Transcribe exactly the stretch of lines beginning at the one containing "True ranch home" and closing with the last line of the entries below. Omit images.

MATERIAL FOR THIS EXERCISE Block Start

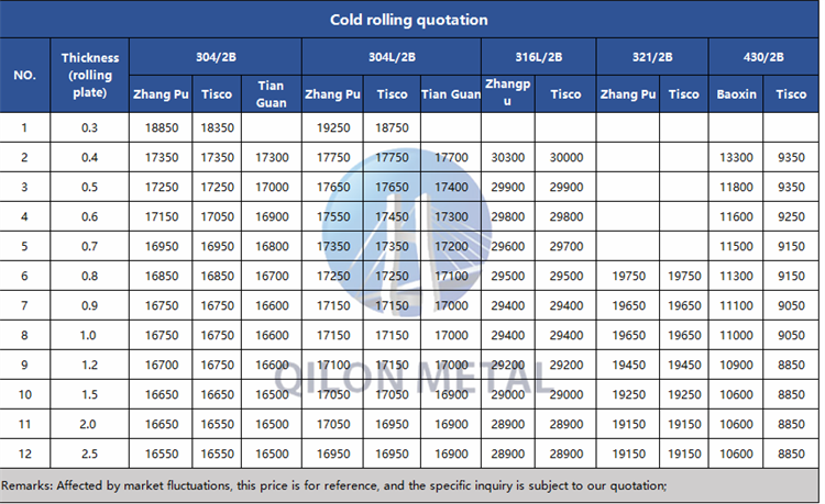 Quotation for cold rolled stainless steel 2023.8.31
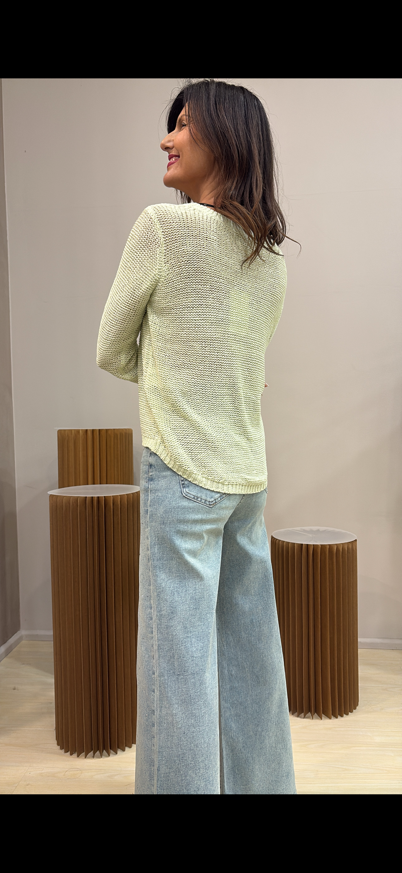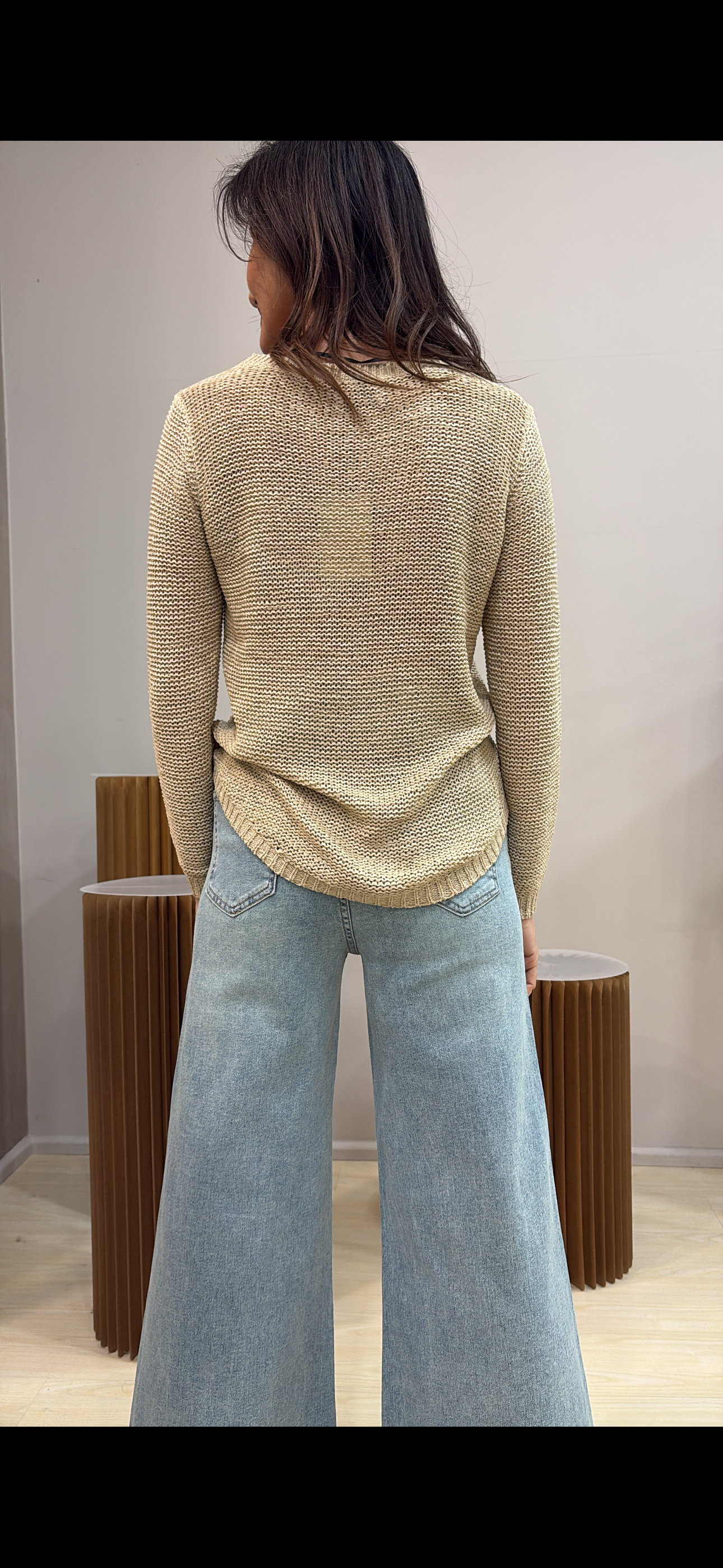 La vestibilità è confortevole, con punto leggermente morbido ma non traforato, per garantire copertura e comfort senza risultare pesante. Il taglio presenta una lunghezza sotto la vita, con parte posteriore leggermente più lunga e fondo stondato, dettaglio che dona movimento e rende il capo moderno e versatile.
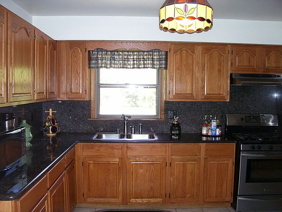 True ranch home located on Tranquil 1+ acre wooded double lot in unincorporated Mokena! Outside, enjoy the view from the custom slate deck w/wrought iron railings. Inside this 3BR 1.5BA home enjoy many updated features. Kitchen offers oak cabinets w/granite counter tops plus newer oven/range & washer/dryer. Both bathrooms have been updated w/fixtures and marble title. Great home on a beautiful lot!
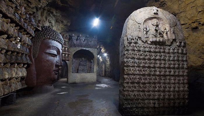 千佛山古稱歷山,因為古史稱舜在歷山耕田的緣故,又曾名舜山和舜耕山。隋開皇年間,因佛教盛行,隨山勢雕刻了數(shù)千佛像,故稱千佛山。
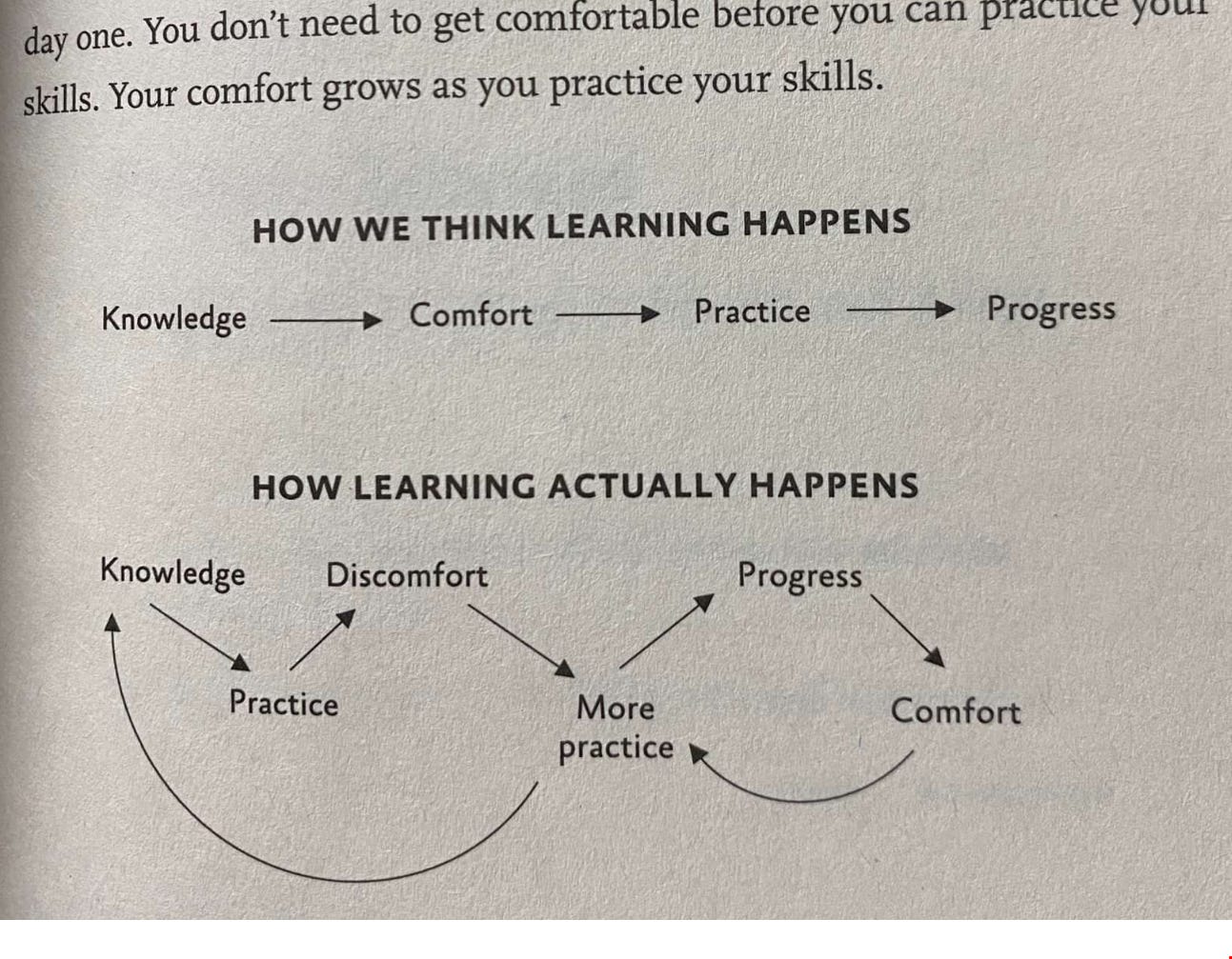 I want my students to know that, as much as I’ve tried to make learning fun this year, sometimes they need to roll up their sleeves, experience some discomfort, and work hard, doing things that are not fun. No one is going to hand them anything. They will need to work hard for it. Success never comes in huge leaps; it takes consistent work. It’s a myth that learning is a straight line from Point A to Point B. Learning is messy. There are going to be falls and times when you want to give up. Adam Grant, author of Hidden Potential: The Science of Achieving Greater Things describes how your comfort in learning grows as you practice various skills. We may think that learning happens in a linear way from knowledge to progress, but in fact, learning is circuitous.

MATERIAL FOR THIS EXERCISE Block End

OUTPUT OF THE TASK:
 True ranch home located on Tranquil 1+ acre wooded double lot in unincorporated Mokena! Outside, enjoy the view from the custom slate deck w/wrought iron railings. Inside this 3BR 1.5BA home enjoy many updated features. Kitchen offers oak cabinets w/granite counter tops plus newer oven/range & washer/dryer. Both bathrooms have been updated w/fixtures and marble title. Great home on a beautiful lot!
 千佛山古稱歷山,因為古史稱舜在歷山耕田的緣故,又曾名舜山和舜耕山。隋開皇年間,因佛教盛行,隨山勢雕刻了數(shù)千佛像,故稱千佛山。
 I want my students to know that, as much as I’ve tried to make learning fun this year, sometimes they need to roll up their sleeves, experience some discomfort, and work hard, doing things that are not fun. No one is going to hand them anything. They will need to work hard for it. Success never comes in huge leaps; it takes consistent work. It’s a myth that learning is a straight line from Point A to Point B. Learning is messy. There are going to be falls and times when you want to give up. Adam Grant, author of Hidden Potential: The Science of Achieving Greater Things describes how your comfort in learning grows as you practice various skills. We may think that learning happens in a linear way from knowledge to progress, but in fact, learning is circuitous.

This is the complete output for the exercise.